Using Stories
Module code: EN2070
Module convenor: Dr. Jonathan Taylor
Aims
This creative writing module explores some of the ways in which writers can discover, recover, and explore materials, ideas, and narratives in the wider world, and use and reshape them into effective creative pieces. It encourages students to develop their own creative writing research methods, and then to employ those methods in the construction of original writing in multiple forms and genres. In this way, it aims to enhance both the students’ research and writing skills.
Topics covered
This module covers several topics, all of which concern the relationship between the workshop and materials, ideas, and narratives in the wider world.

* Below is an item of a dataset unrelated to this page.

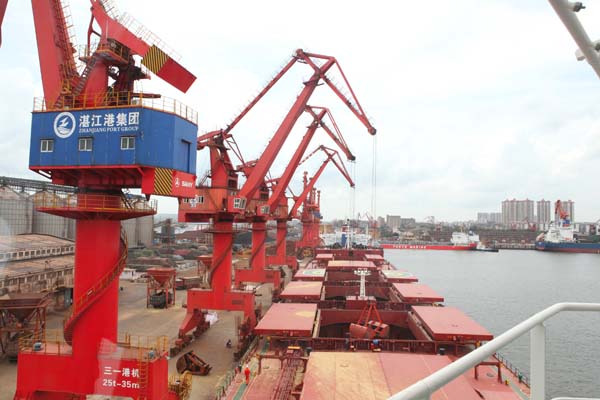 6月25日是第4个“世界海员日”,新中国自行设计和建造的第一座现代化港口——湛江港恰逢开港以来第20万名国际海员到港。当天下午,湛江海事局王建华局长、王争鸣党组书记、湛江港集团张翼董事长、林聪副总裁等来到402#泊位,与巴哈马籍“捷豹”(“JAGUAR MAX”)轮全体船员共同庆祝海员日的到来。

• Using historical stories
• Using place-based subject-matter
• Using other art-forms
• Using scientific concepts
• Using libraries and museums
Forms and genres covered in the creative exploration of these topics may include:
• Fiction and historical fiction
• Creative nonfiction
• Scriptwriting
• Poetry (including ekphrastic and found)
• Site-specific writing
• Speculative fiction
As well as practical creative writing exercises, students will be encouraged to think critically and reflectively about the topics covered.
Learning
The module will be delivered in ten weekly lectures and ten weekly seminars. Lectures may include discussions of relevant craft issues, techniques, genres, and research methods; talks by established writers in the School of English discussing their own practice in using research to construct creative work; presentations on particular research topics by invited experts; screenings; and readings and discussions by visiting writers. Seminars may consist of creative writing workshop exercises, feedback sessions, exploration of particular subjects relating to writing craft and research topics, mini-lectures on particular research topics, and discussions of reflective and critical work.

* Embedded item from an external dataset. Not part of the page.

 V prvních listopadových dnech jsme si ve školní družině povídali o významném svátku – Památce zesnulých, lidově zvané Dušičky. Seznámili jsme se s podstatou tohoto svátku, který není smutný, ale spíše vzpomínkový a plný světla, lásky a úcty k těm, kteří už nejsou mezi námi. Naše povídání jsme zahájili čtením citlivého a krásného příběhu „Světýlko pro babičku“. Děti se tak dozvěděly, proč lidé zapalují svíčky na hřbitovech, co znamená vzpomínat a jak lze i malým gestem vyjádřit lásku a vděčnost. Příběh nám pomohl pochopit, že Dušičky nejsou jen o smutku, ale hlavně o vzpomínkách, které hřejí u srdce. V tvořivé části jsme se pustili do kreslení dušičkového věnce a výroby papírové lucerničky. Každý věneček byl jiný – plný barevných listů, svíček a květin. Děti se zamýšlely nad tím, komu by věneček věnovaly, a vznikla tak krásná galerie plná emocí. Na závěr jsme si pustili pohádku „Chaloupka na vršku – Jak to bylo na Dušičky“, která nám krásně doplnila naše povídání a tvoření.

All students will be assigned into an Autonomous Learning Group (ALG). Each small group of students will decide on the location for a field visit (vetted by the tutor), undertake the visit (as a group or individually), and meet to discuss the material gathered before individually using that material to construct a creative work in their chosen form. Students will also keep a writing journal.

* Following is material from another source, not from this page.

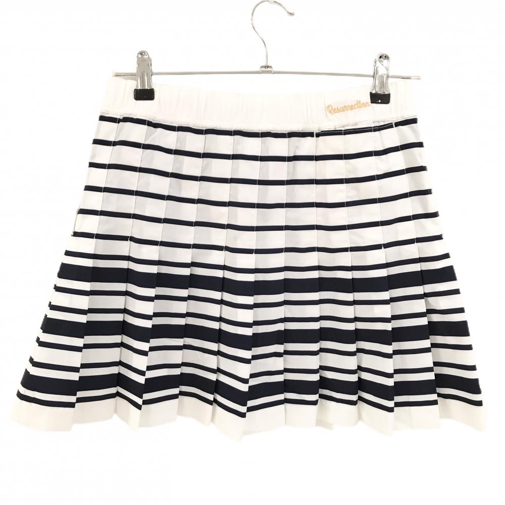 レザレクション プリーツスカート 白×ネイビー ボーダー ウエストゴム&調節紐 レディース XS ゴルフウェア Resurrection
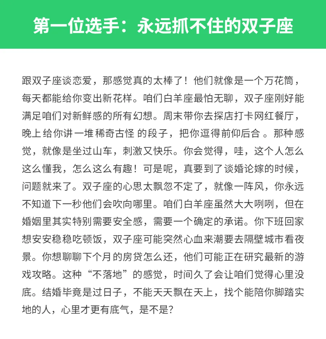 >适合白羊座恋爱但不适合结婚的星座!

After completing this module, students will be able to:
• Effectively formulate creative ideas from research conducted in the wider world
• Evaluate and select which genre will prove most effective to realise the creative idea
• Construct creative work in a variety of different genres using that research
• Apply craft skills learned on previous modules and this one in the construction of that creative work
• Critically and constructively evaluate the success of such research in creative practice
• Write in different forms, genres, and contexts
• Effectively communicate ideas through different kinds of narratives
• Reflect critically on their work
Assessment
There are two elements to the assessment.
• Creative work: 3,000 words or equivalent, depending on form, using a particular piece of specified research in any accepted creative writing form (poetry, prose, narrative nonfiction, script, or drama); this will form 70% of the module mark.
• Reflective commentary: 1,000 words explaining how the research was used and the technical/craft issues raised in doing so; this will form 30% of the module mark.